Subscribe
Accepted Solution

Performance Diagnosis in Performance Advisor didn't show failed disk

Performed following testing for "Diagnosis" option of the Performance advisor and find out that manually failed disk didn't appear on diagnosis.

Manually failed the disk on the filer to degrade the performance of filer. Started coping data on the volume for which the disk was part. Latency increased considerably. Then performed PA diagnosis on the filer for the time during which disk was failed and data was copied. Diagnosis didn't show failed disk or reconstructing disk??

stx601na08> disk fail 0b.29

*** You are about to prefail the following file system disk, ***

*** which will eventually result in it being failed ***

  Disk /test_aggr1/plex0/rg0/0b.29

      RAID Disk Device  HA  SHELF BAY CHAN Pool Type  RPM  Used (MB/blks)    Phys (MB/blks)

      --------- ------  ------------- ---- ---- ---- ----- --------------    --------------

      data      0b.29   0b    1   13  FC:B   -  ATA   7200 423111/866531584  423889/868126304

***

Really prefail disk 0b.29? y

disk fail: The following disk was prefailed: 0b.29

Disk 0b.29 has been prefailed.  Its contents will be copied to a

replacement disk, and the prefailed disk will be failed out.

stx601na08> sysconfig -r

Aggregate test_aggr1 (online, raid4) (block checksums)

  Plex /test_aggr1/plex0 (online, normal, active)

    RAID group /test_aggr1/plex0/rg0 (normal)

      RAID Disk Device  HA  SHELF BAY CHAN Pool Type  RPM  Used (MB/blks)    Phys (MB/blks)

      --------- ------  ------------- ---- ---- ---- ----- --------------    --------------

      parity    0a.29   0a    1   13  FC:A   -  ATA   7200 423111/866531584  423889/868126304

      data      0b.29   0b    1   13  FC:B   -  ATA   7200 423111/866531584  423889/868126304 (prefail, copy in progress)

      -> copy   0c.112  0c    7   0   FC:B   -  ATA   7200 423111/866531584  635858/1302238304 (copy 0% completed)
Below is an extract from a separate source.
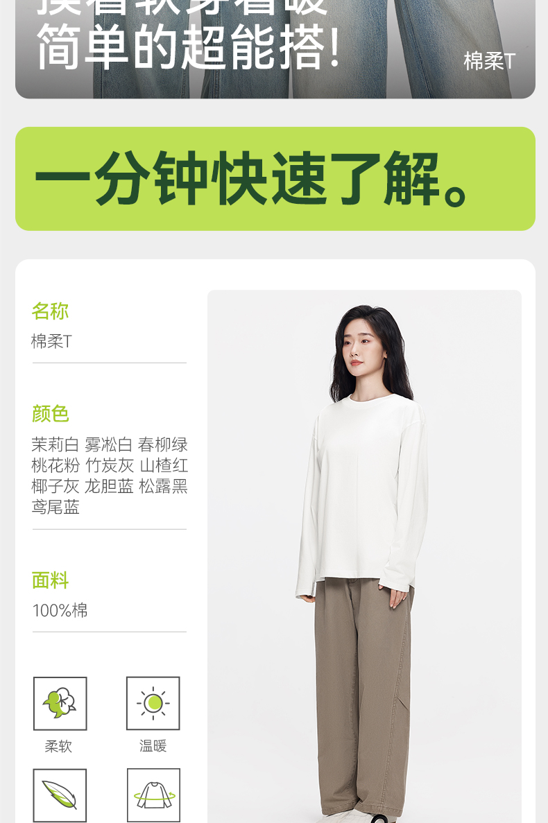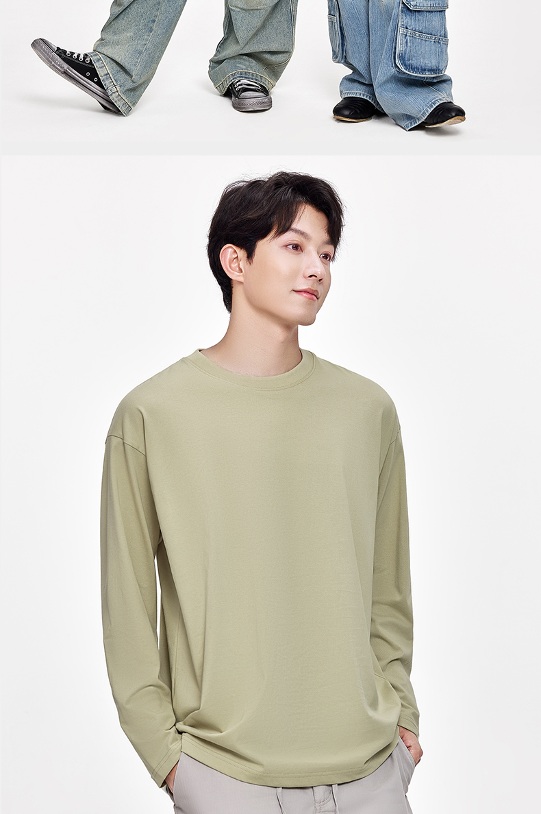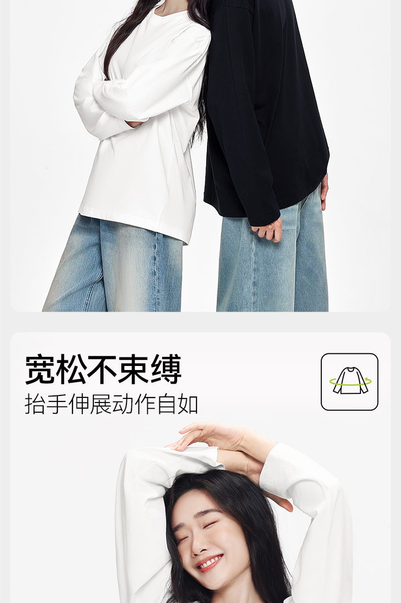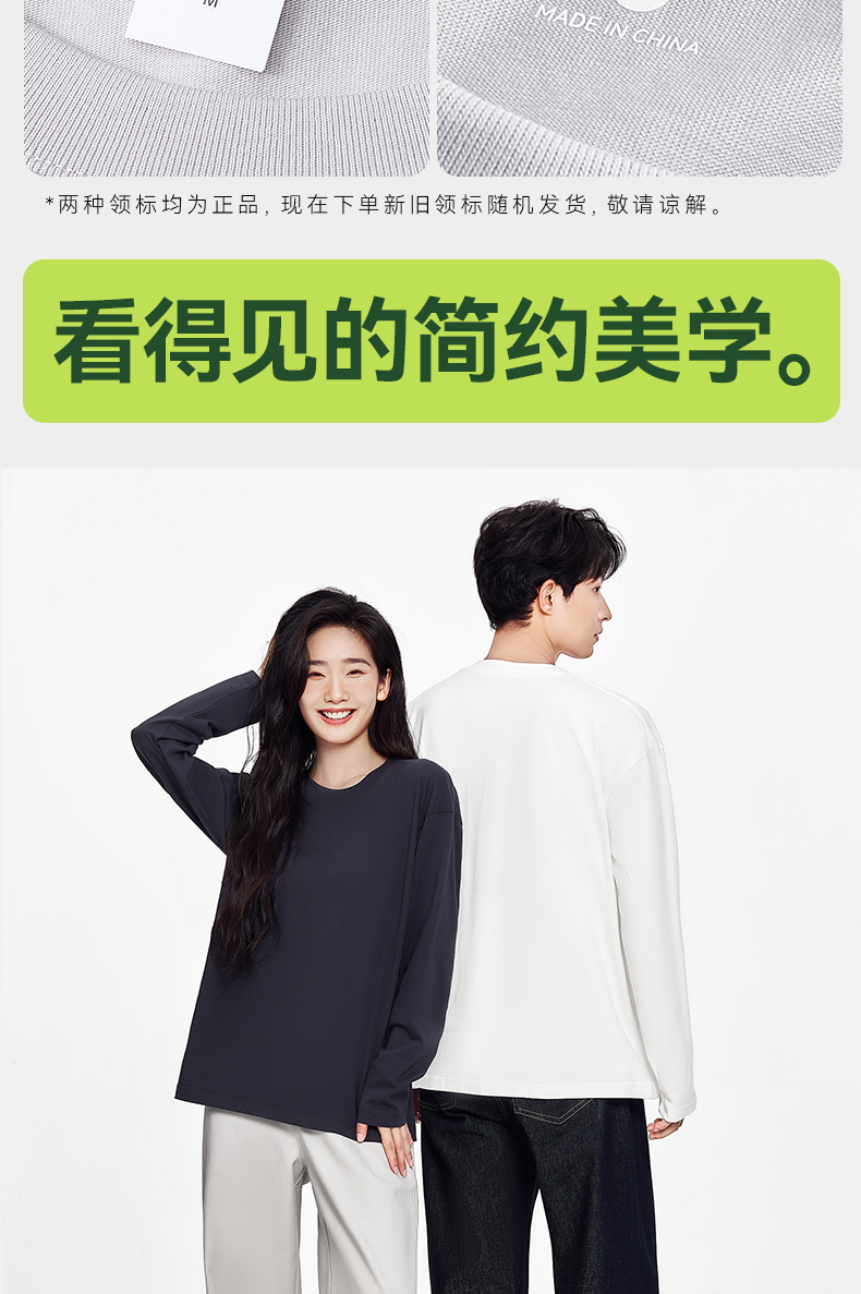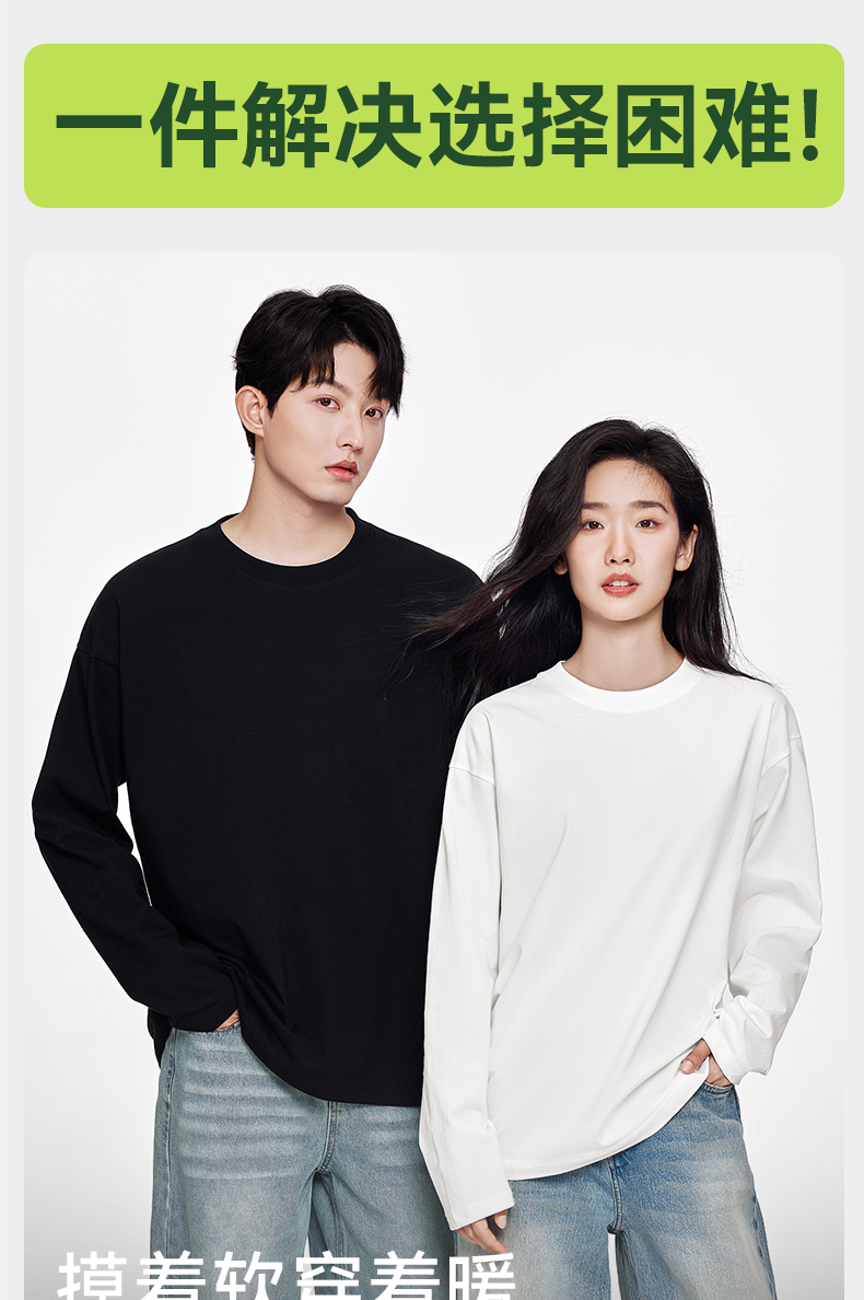 「棉的美学」两件装 重磅230G纯棉长袖~秋季休闲百搭纯色纯棉长袖t恤男女同款

Re: Performance Diagnosis in Performance Advisor didn't show failed disk

Please note that 'Performance Diagnosis' is performed/verified against the last available configuration with the DFM.
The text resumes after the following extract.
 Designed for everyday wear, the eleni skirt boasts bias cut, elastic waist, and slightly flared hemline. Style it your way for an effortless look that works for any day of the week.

The rule 'Disk Reconstruction in Progress' depends/uses the configuration of the disks in the raid group.

The raid configuration is updated when the diskmon runs (every 4 hrs by default). Hence you would not have got the appropriate error message as the diagnosis is not performed with the latest configuration.

It is recommended that DFM server be set as the SNMP trap reciever. Please note that storage system generates 'disk:failed' trap which when DFM server recieves shall invoke the diskmon. diskmon updates the (raid) configuration.
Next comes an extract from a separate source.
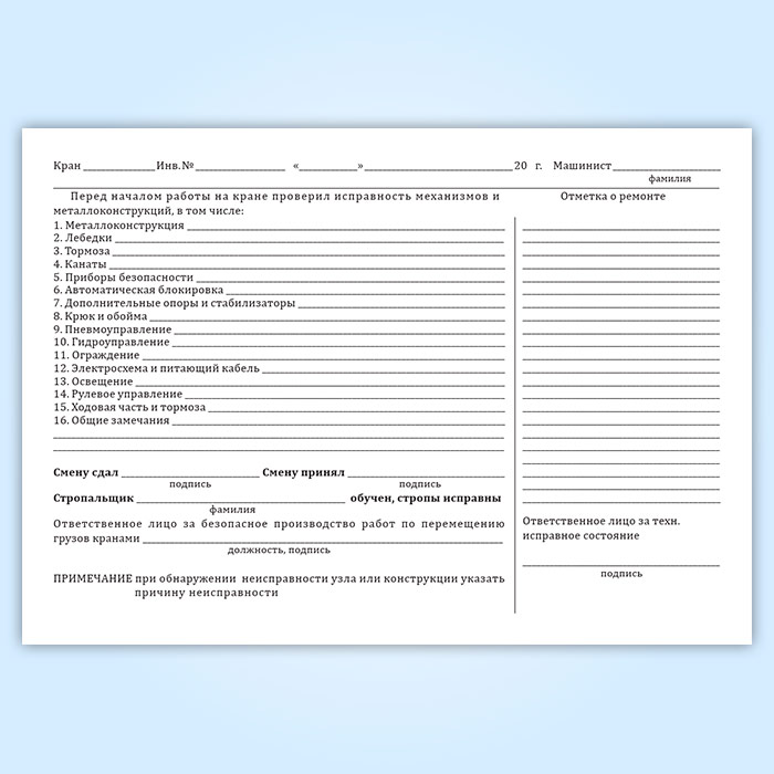 Вахтенный журнал г/п крана в Рошале купить

Re: Performance Diagnosis in Performance Advisor didn't show failed disk

The disk monitor running as part of Operations Manager generates the

disk failed event and the disk monitoring interval is 4 hours by default.

Looks like the disk monitor did not run in your case and hence the

Operations Manager did not generate the disk failed event and thats why

PA diagnosis did not show this event.

You can forcefully run the disk monitor (and all other monitors) on your

filer with the following command:

dfm host discover <host-name-or-id>

and then see if the disk failed event gets generated by Operations

Manager and shows up in PA too.

Regards

Harish

Re: Performance Diagnosis in Performance Advisor didn't show failed disk

Hi Muhammad,

I suspect that the way you failed the disk does not trigger any events.

With "disk fail <disk>" you do not fail the disk in a way that causes a reconstruct.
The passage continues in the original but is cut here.